Неуязвимость этого бытия для обособленной предметной множественности
чувственного мира имеет тот же смысл, что и в главе 50. Не случайно иероглиф
"схватить" - бо, относимый здесь к попытке хищных птиц "схватить" (в переводе
"заклевать") ребенка, используется в главе 14 при характеристике неуловимого для
чувственного восприятия Дао. Истинное бытие как пустоту действительно невозможно
"ужалить", "разодрать" и "схватить". На нее же указывает "слабость" и
"мягкость", синонимичные у Лаоцзы всепроницаемости (см. коммент. к главам 43 и
52). Слабая и мягкая телесная конституция ребенка при его способности "держать в
горсти крепко" - образ всеобъемлющей бытийной емкости, пронизывающей мир и цепко
держащей его в своей "горсти". В связи с этим впервые дается понятие сущностного
становления, в котором начало, исходный момент, потенция равнозначны полной и
конечной осуществленности: "всецелая развитость". "Развитость" - тот же
иероглиф, что и переводимый в других главах как "возрастание" (2, 16, 37),
указывающий на эмпирическое становление вещей. От последнего сущностное отличает
именно целостность как самотождественное различие начала и конца по принципу
счета до трех, не идущего дальше единицы и приводящего таким образом к
триединству. О "сгущенности", означающей осуществлённость, см. главу "Тайна
единицы", в книге "Пять тысяч слов молчания" и комментарий к главе 21
"Даодэцзина". В "гармонии" тоже на первый план выходит значение цельности,
"смеси" как в том, что определяет качество детского плача с характерной для него
"немузыкальностью": нечетким разделением звуков, их недостаточной
расчлененностью. Отсюда и переход к "знанию незыблемого" и "просвету",
указывающих на ту же изначальную целостность жизни, но уже в качестве данной от
рождения интуиции.
"Становиться взрослым, отходя от состояния младенца", - перевод по смыслу
выражения, которое дословно значит: "увеличивать жизнь". Это синоним
"возрастания" как эмпирического становления. По Лаоцзы, полнота жизни дается уже
в момент рождения, и ее остается не увеличивать, а только беречь. Ее увеличить
пытаются, когда "сердцем", то есть вполне сознательно, осознанно, рассудочно-
практически, начинают управлять "дыханием", формовать свое "первозданное" -
"толщу" бытия, называемую еще "чашей", которую тем самым "портят". О "дыхании"

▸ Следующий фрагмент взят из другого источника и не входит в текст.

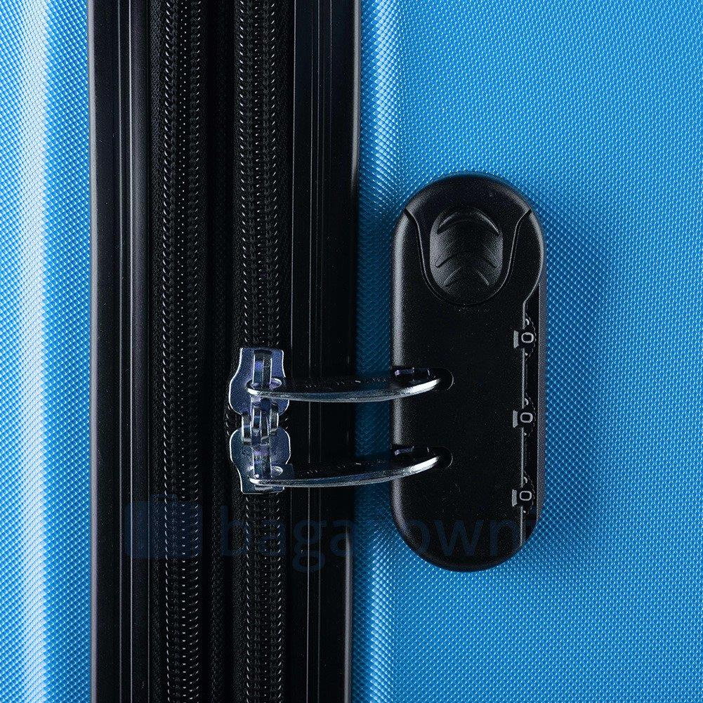Nowoczesny, lekki model wykonany z bardzo wytrzymałego i odpornego na zarysowanie tworzywa ABS Plus, z dwupoziomową teleskopową rączką. Zewnętrzne, przyjemne w dotyku gumowe uchwyty oraz zamek szyfrowy uniemożliwiający dostanie się do wnętrza osobom niepożądanym. Trwały, duraluminiowy stelaż wbudowany w walizkę. Wyposażony w cztery obrotowe kauczukowe kółka, które zapewniają stabilność oraz lekkość prowadzenia w dowolnym kierunku. Wnętrze w ciemnym sygnowanym kolorze dzielone zamkiem błyskawicznym na dwie funkcjonalne komory.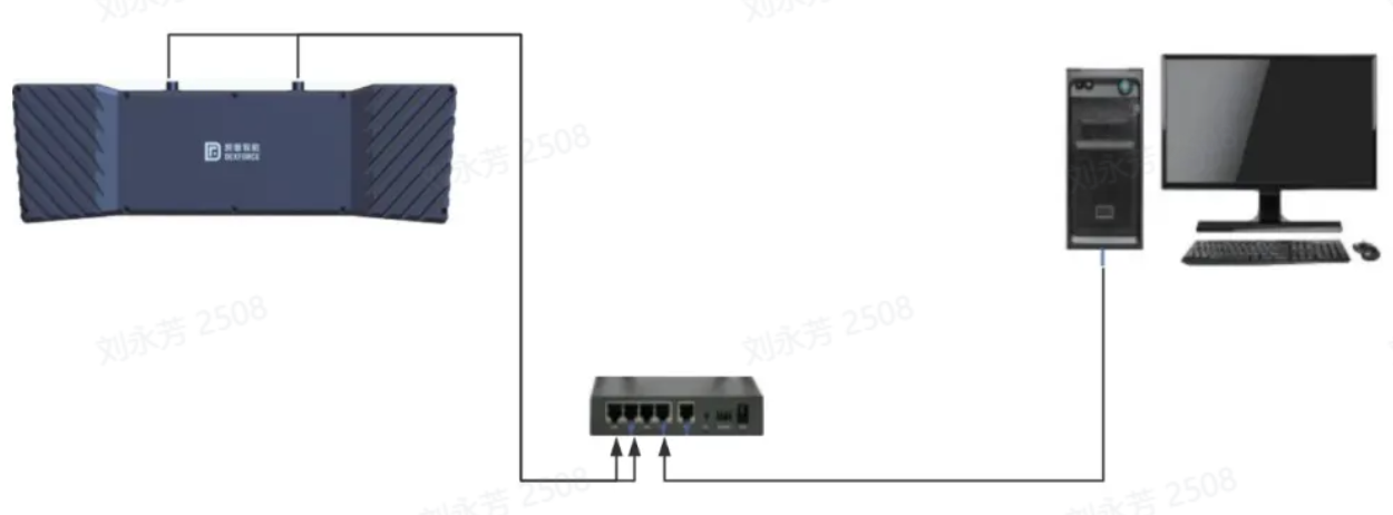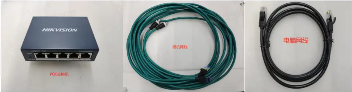相机通过网线与 POE 交换机相连,POE 交换机为相机供电,将电脑网线连接POE 交换机。

см. главу "Тайна единицы", в книге "Пять тысяч слов молчания" и комментарий к
главе 10. Заключение, начиная с тезиса о "возмужалости", сменяемой "старостью",
полностью повторяет конец главы 30 (см. коммент. к этой главе).
Глава 56
Кто знает, тот не говорит; кто говорит, не знает. Закрыть свои отверстия и
запереть свои ворота, умерить свою остроту, смирить свою запутанность, ослабить
силу своего сияния и сделать единой свою пыль - это значит находиться в
сокровенном тождестве. Кто в нем, того нельзя приблизить, нельзя и отдалить,
нельзя сделать ему что-либо полезное, нельзя и навредить, нельзя его возвысить и
нельзя принизить. Поэтому он в Поднебесной и становится превыше всех.
Комментарий к главе
Глава посвящена рассмотрению цельного знания как бытийной, слагаемой
триединством цельности жизни. И в самом ее начале дается сжатая классическая
формула этого словесно невыразимого знания, которая раскрывается затем в
следующих шести положениях. Данные положения уже встречались: первые два - в
главе 52, последние четыре, в 4-й (см. коммент. к этим главам), но, соединенные
здесь вместе, наиболее полно выражают принцип триединства. Они разбиты на три
пары, по два сходных между собой высказывания, и эти пары последовательно
соответствуют переходам к 1, 2 и 3, образуя в итоге "сокровенное тождество", то
есть искомое триединство. В заключительной части главы говорится о том, что тот,
кто к нему приобщен, не может быть предметом какого-либо действия в чувственном
мире, ибо выходит за грань предметного бытия и находится по сути в
трансцендентной пограничной области. Та же мысль как утверждение недосягаемости
для хищных зверей и птиц выражается в главах 50 и 55.
Глава 57
Порядок в княжестве наводят прямо, в военном деле прибегают к хитрости,
Поднебесную берут посредством недеяния. Откуда это мне известно? Отсюда. В
Поднебесной множатся запреты, и народ все более беднеет; в народе много острого
оружия, и в стране усиливается разлад; у людей искусность увеличивается, и
каверзы становятся в почете; законы и приказы возрастают, и воров с разбойниками
появляется все больше. Поэтому Премудрый человек и говорит: "Я нахожусь в
бездействии, и народ сам преобразуется; я предаюсь покою, и народ сам
исправляется; я пребываю в недеянии, и народ сам богатеет; у меня не появляется
желаний, и народ сам обретает первозданность".
Комментарий к главе
Смысл главы заключается в трех сформулированных в ее начале тезисах, которые
затем последовательно раскрываются. Лаоцзы представляет "прямоту" и "хитрость"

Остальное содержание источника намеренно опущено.